Adrián Marini

Personal information
- Full name: Adrián Claudio Marini
- Date of birth: 14 October 1972 (age 53)
- Place of birth: Santa Fe, Argentina
- Position: Midfielder

Team information
- Current team: Colón (reserve manager)

Youth career
- Colón

Senior career*
- Years: Team / Apps / (Gls)
- 1991–1997: Colón / 177 / (27)
- 1997–1998: Motagua
- 1998–1999: Quilmes / 52 / (11)
- 2000–2001: All Boys / 10 / (0)
- 2002: Toros Neza / 19 / (5)
- 2003: San Martín SJ / 7 / (0)

Managerial career
- Colón (youth)
- 2021–: Colón (reserves)
- 2022: Colón (interim)

= Adrián Marini =

Argentine footballer and manager

Adrián Claudio Marini (born 14 October 1972) is an Argentine football manager and former player who played as a midfielder.
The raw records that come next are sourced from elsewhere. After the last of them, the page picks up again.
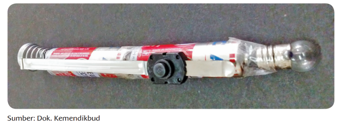 Tuliskan proses perjalanan arus listrik pada rangkaian listrik senter tersebut secara rinci dan berurutan!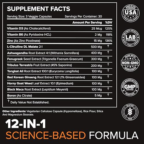 [12-IN-1 TESTOSTERONE PERFORMANCE BLEND] Fenugreek, Tongkat Ali, Tribulus & nine more clinical-dose nutrients fuel healthy T-levels, strength, drive & steady energy.* 100 % open-label – zero proprietary blends.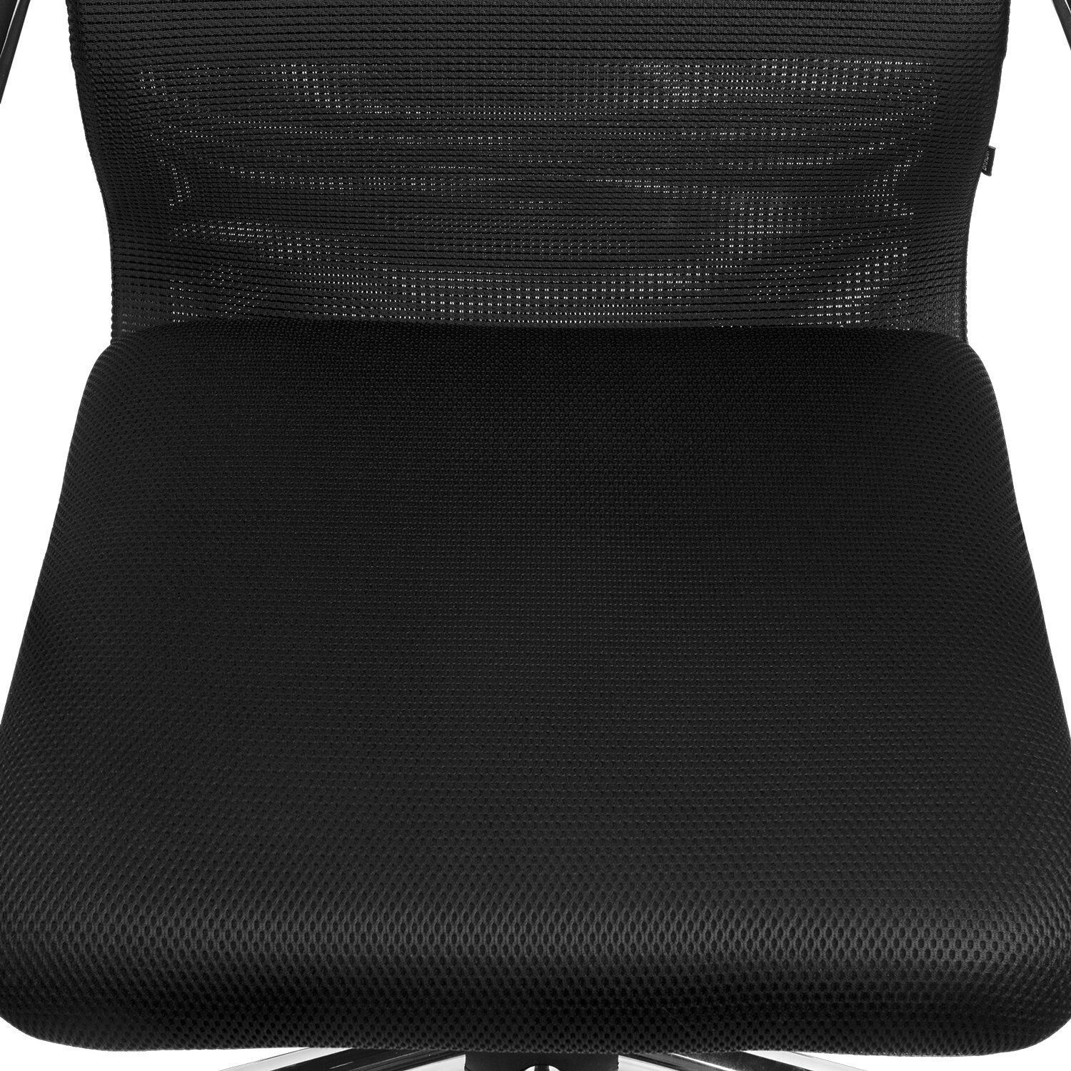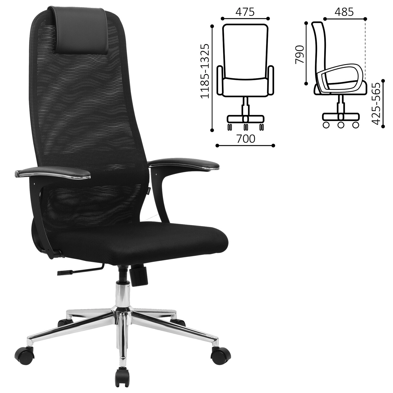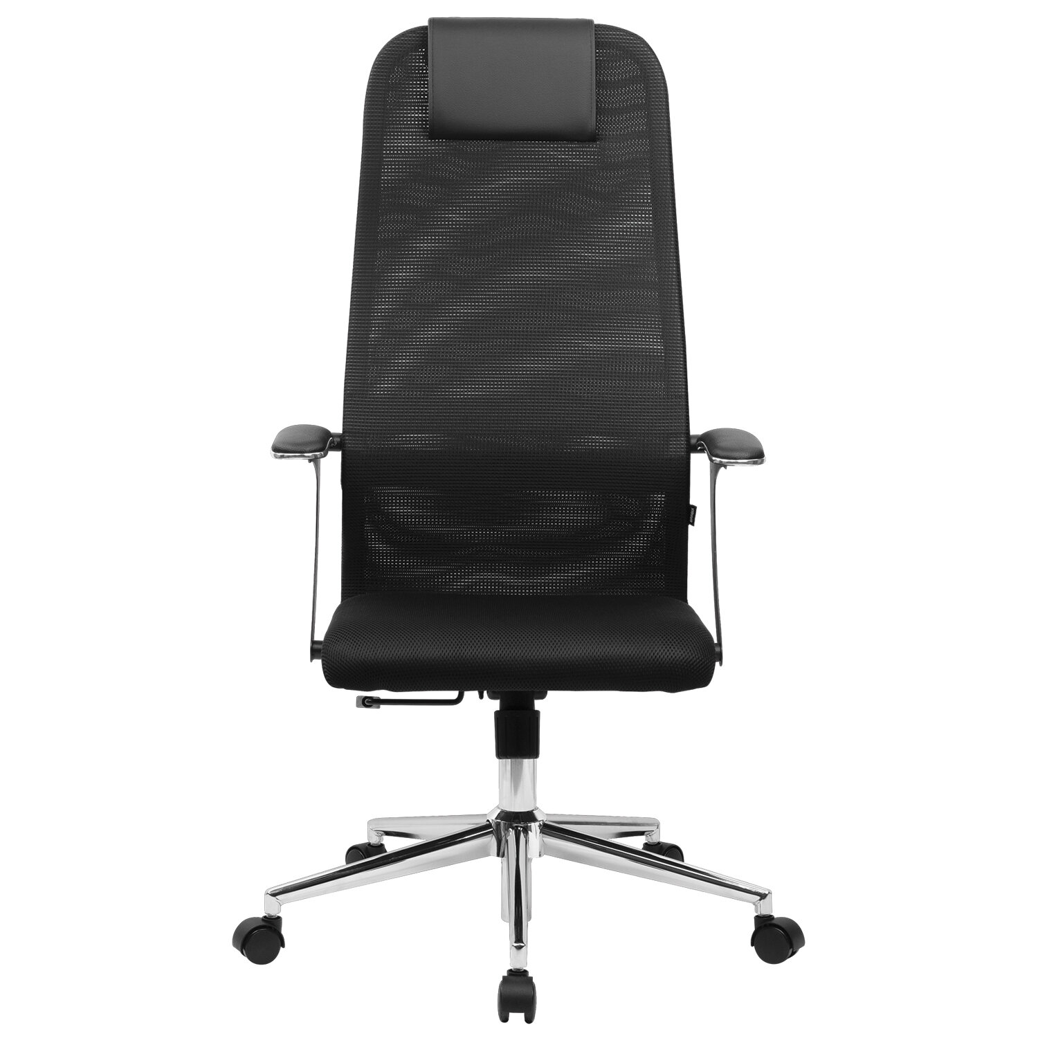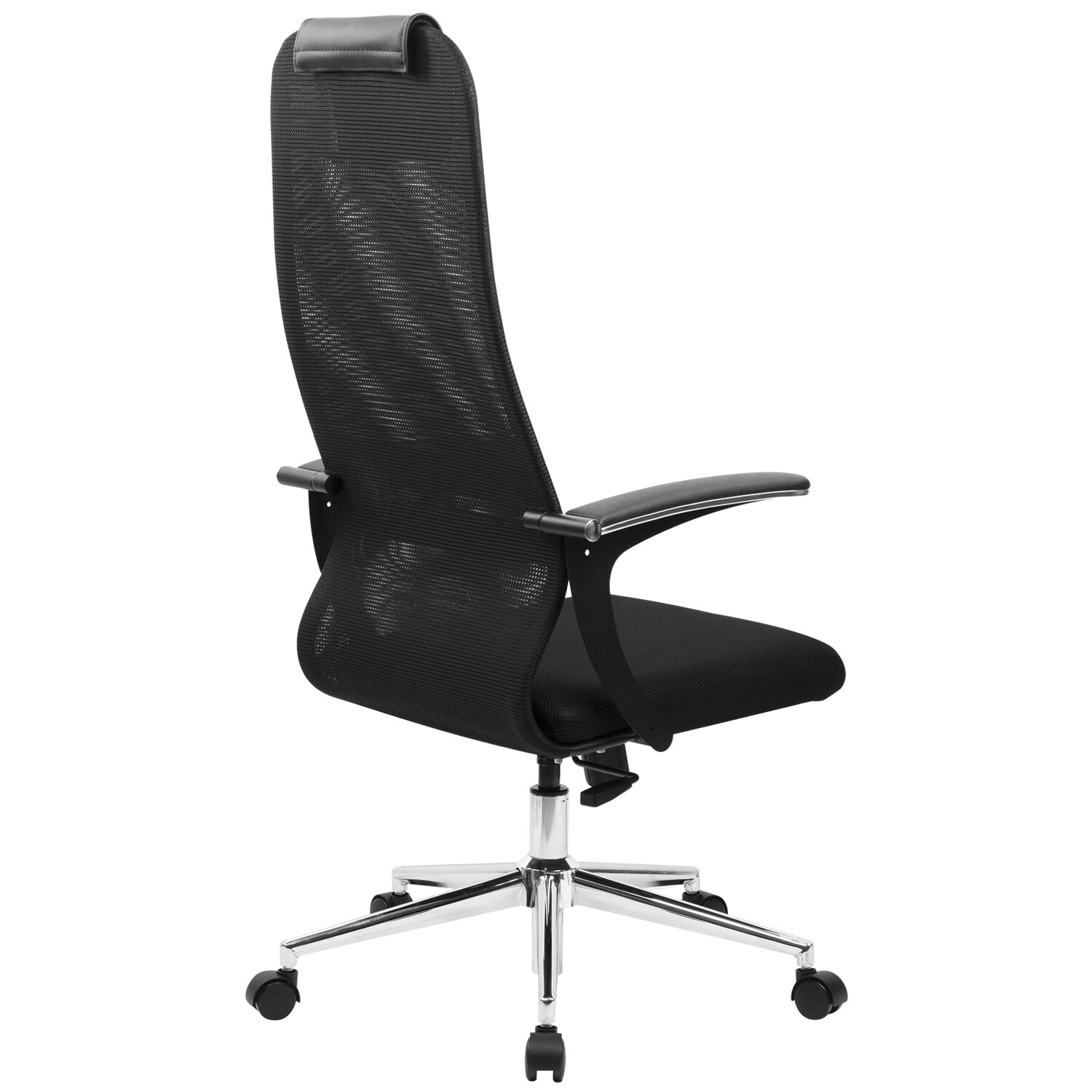 Спинка высокая, эргономичной формы, с ярко выраженной поясничной поддержкой.Спинка имеет сверхпрочный стальной каркас с износостойким полимерным покрытием черного цвета.Спинка снабжена мягким, комфортным подголовником.Сиденье средней жесткости, объемное, на столярном каркасе.Обивка спинки из износоустойчивой «дышащей» сетчатой ткани двойного плетения.Подлокотники стальные нового поколения, с хромированными молдингами и мягкими накладками.Пятилучие металлическое хромированное, стильное и прочное.Модель оснащена механизмом качания «Top-Gun» с регулировкой под вес и возможностью фиксации в рабочем положении.

He is the current manager of Colón's reserve team.

==Playing career==
Born in Santa Fe, Marini began his career with Colón, scoring the goal which sealed the club's promotion to Primera División in 1995. He subsequently represented Motagua, Quilmes, All Boys and Toros Neza before retiring with San Martín de San Juan in 2003.

==Managerial career==
On 5 February 2021, after several years working in the youth categories, Marini was named manager of the reserve side of Colón. On 8 July 2022, he was named interim manager of the main squad after Julio César Falcioni left.

Marini returned to his previous role after the appointment of Sergio Rondina, but was again interim after Rondina was sacked in August. On 29 August, he was permanently appointed manager.